**LISTED RECORDS:**
>>>
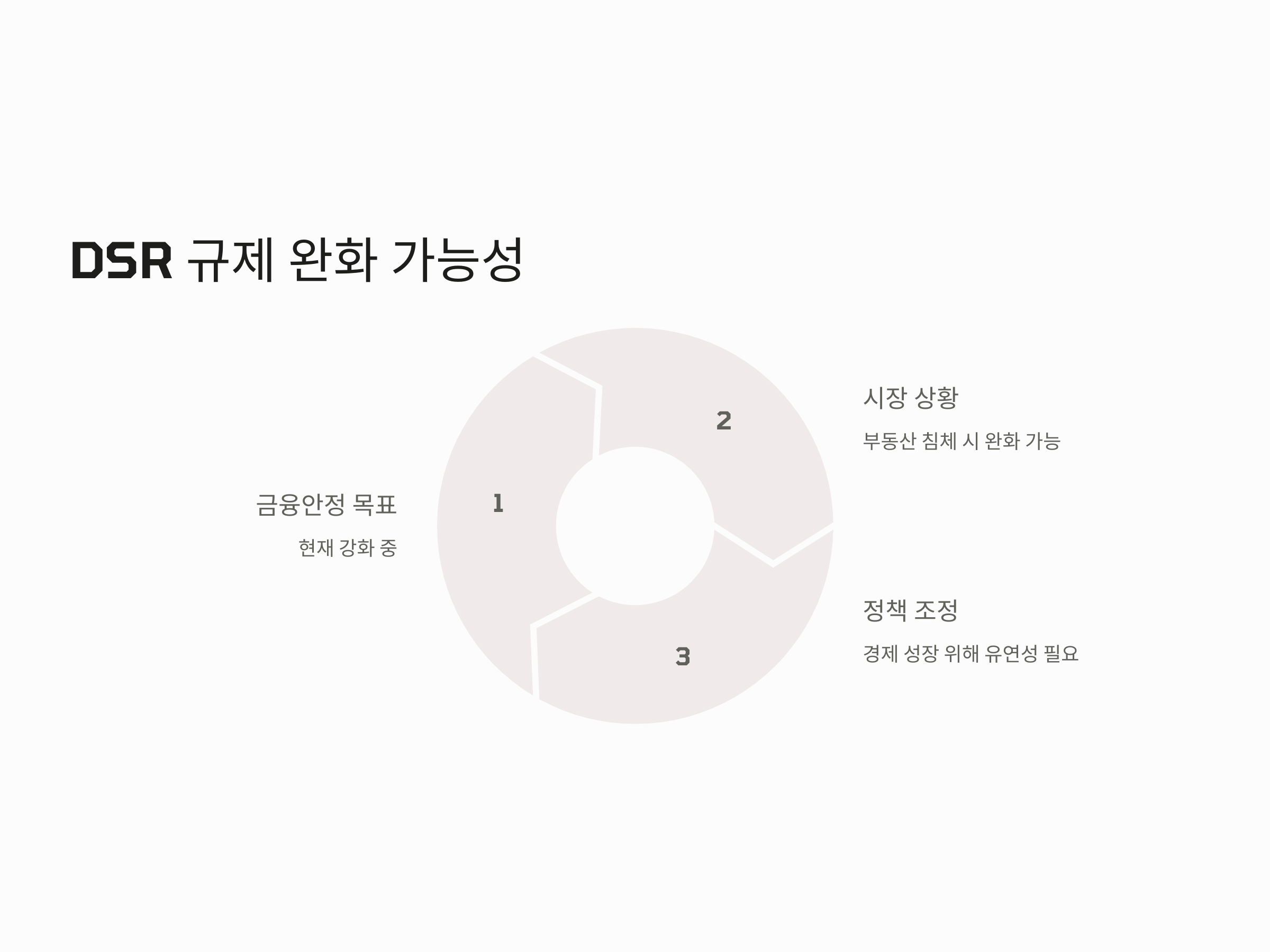 현재 DSR 규제는 금융안정을 목표로 강화되고 있지만, 앞으로 완화될 가능성도 존재합니다. 가계부채가 지나치게 증가하거나, 주택시장 침체가 심화될 경우, 금융당국은 이를 완화하기 위한 정책을 시행할 수 있습니다. 특히, 정부는 부동산 시장의 활성화와 경제 성장을 위해 일부 규제를 유연하게 조정할 가능성도 있습니다.
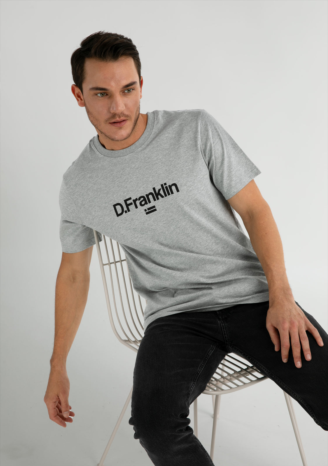 T-shirt cinza que simplifica a iconografia de D.Franklin com o logo e emblema da nossa marca no peito em preto. Gola redonda com costura dupla. Feita de 100% algodão orgânico.
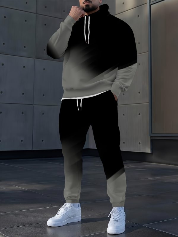 2pcs Men’s & Women’s Gradient Purple-Black Ombre Full-Body Print Hoodie & Jogger Set – Matching Couple Tracksuit with Hooded Sweatshirt & Drawstring Pants, Machine Washable Winter Warmth Casual Sportswear Outfit
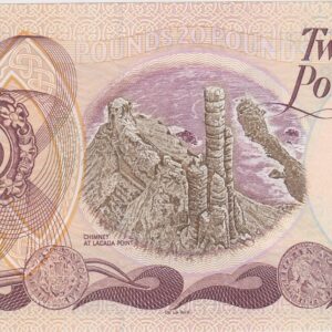 The reverse features the Chimney at Lacada point at the centre. Two Spanish coins and a Blacksmiths forging tool along the bottom. A large 20 filled with Celtic patterns and a small 20 set within an ornate broach complete the design.
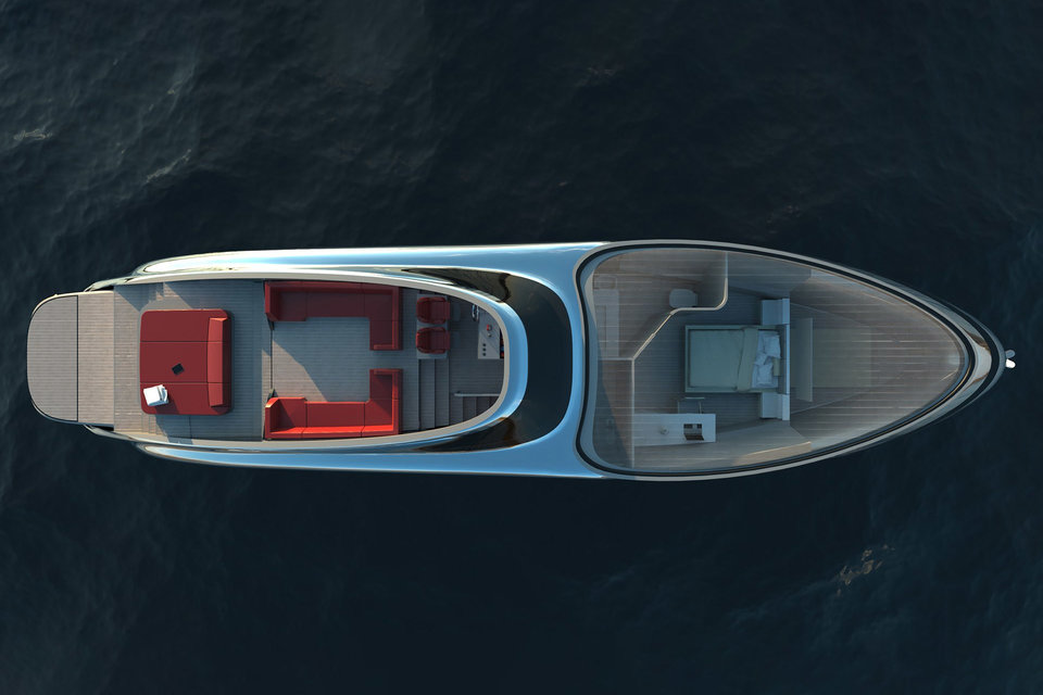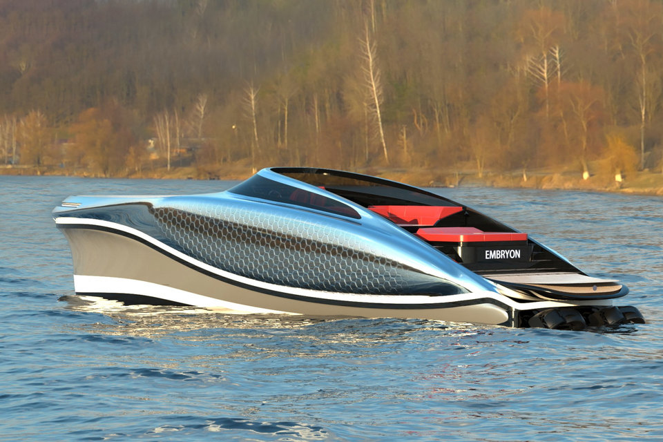 Lazzarini Design Studio Embryon konceptni gliser nas s svojo impozantno podobo in “prozornim” karbonskim trupom v trenutku prevzame. A prozoren je zgolj z notranje strani, zunanji del pa deluje kot ogledalo. Le to potnikom zagotavlja zaščito pred zvedavimi pogledi, medtem ko lahko le ti uživajo v neoviranem pogledu na prostrano morje.
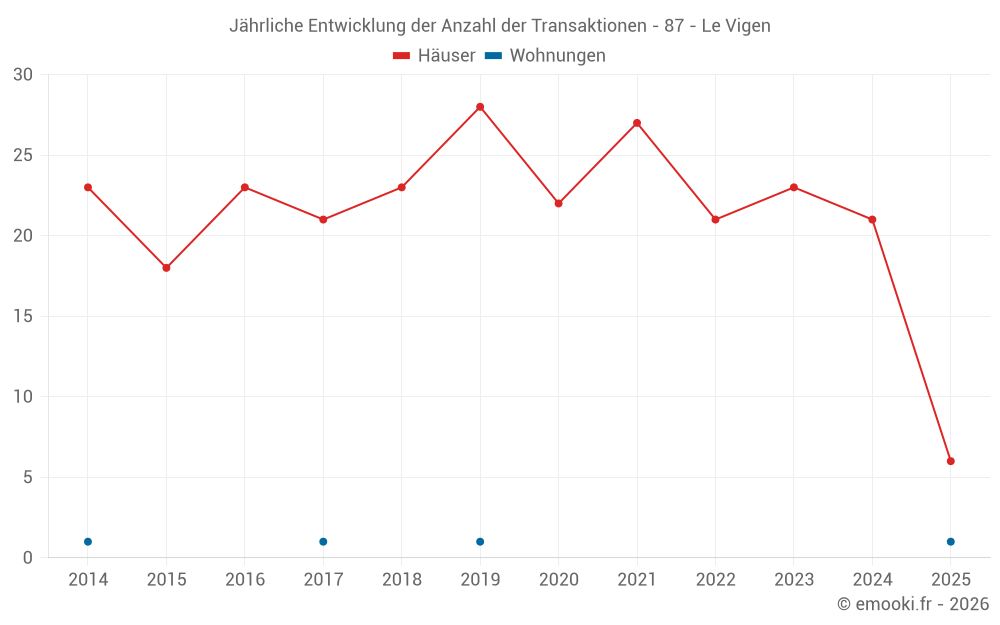 Der Durchschnittspreis auf den 21 Hausgeschäften der letzten 12 Monate in der Gemeinde Le Vigen betrug 2 005 € pro Quadratmeter für einen mittleren Immobilienwert von 228 000 €. Über diesen Zeitraum hinweg lagen 60% der Transaktionen zwischen 1 250 und 2 333 € pro Quadratmeter (vom 2. bis zum 8. Dezil).
<<<
Leaving out every picture, repeat exactly the lines of the records from the start through the line that has "T-shirt cinza que".

 현재 DSR 규제는 금융안정을 목표로 강화되고 있지만, 앞으로 완화될 가능성도 존재합니다. 가계부채가 지나치게 증가하거나, 주택시장 침체가 심화될 경우, 금융당국은 이를 완화하기 위한 정책을 시행할 수 있습니다. 특히, 정부는 부동산 시장의 활성화와 경제 성장을 위해 일부 규제를 유연하게 조정할 가능성도 있습니다.
 T-shirt cinza que simplifica a iconografia de D.Franklin com o logo e emblema da nossa marca no peito em preto. Gola redonda com costura dupla. Feita de 100% algodão orgânico.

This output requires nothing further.